Introduction. The Taganrog Bay of the Azov Sea is one of the most eutrophic and ecologically vulnerable water areas in Russia, where massive blooms of toxic cyanobacteria (Microcystis, Aphanizomenon, Anabaena, Nodularia) regularly occur during summer. Their proliferation is accompanied by the accumulation of cyanotoxins (microcystin, anatoxin, cylindrospermopsin, saxitoxin), posing a serious threat to public health. This paper considers an approach to the biological rehabilitation of the bay based on the controlled introduction of the freshwater green microalgae Chlorella vulgaris, which competes with cyanobacteria for nutrients. The aim of the study is to develop and apply a comprehensive mathematical model describing phytoplankton kinetics and substance transport processes under conditions of increasing bay salinity, as well as to assess the ecological-hygienic and medical consequences of the proposed method.
Materials and Methods. The research object is the Taganrog Bay of the Azov Sea. The modelling is based on the threedimensional hydrodynamic model “Azov3D”, previously used to calculate currents and vertical mixing under conditions of changing salinity. Water environment parameters (salinity, temperature, current velocities) were used as input data for solving the linearized hydrobiological problem. The source of bathymetric data was digitized nautical charts processed using automated depth recognition algorithms. The model grid was generated considering the actual coastline configuration and bottom topography. Calculations were performed on the computing cluster of the Southern Federal University. The numerical method is based on finite-difference schemes previously applied for hydrobiological calculations in the Azov Sea.
Results. It is shown that a 30% increase in salinity leads to a shift in the cyanobacteria habitat from the Azov Sea water area to the eastern part of the Taganrog Bay, which is consistent with hydrological observations. Model calculations demonstrate an increase in the proportion of green algae with the controlled introduction of Chlorella vulgaris cultures, reflecting the potential for biomelioration. The forecast of the spatial distribution of populations shows stable dominance of green and blue-green algae, constituting 60−70% of the bay’s phytoplankton biomass, under various impact scenarios.
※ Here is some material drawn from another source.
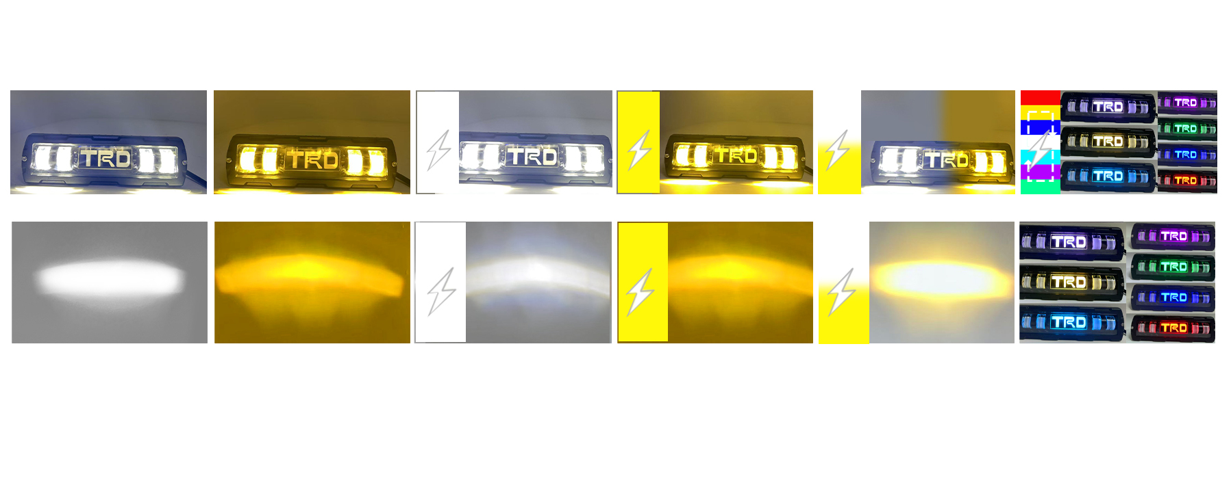 模式:白光常亮/黄光常亮/白光爆闪/黄光爆闪/白+黄爆闪/七彩常亮+流水

Discussion. The results indicate that mathematical modelling is an effective tool for predicting the dynamics of phytoplankton populations under changing hydrological conditions. The model allows for assessing the influence of biological regulation and salinization scenarios, providing a basis for management decisions in the field of ecological rehabilitation of water bodies.
Conclusion. The application of Chlorella vulgaris may be a promising biomelioration method but requires further verification based on field observations and controlled field experiments. The modelling results indicate the possibility of adaptive ecological management of the Taganrog Bay and minimizing the risk of toxic blooms.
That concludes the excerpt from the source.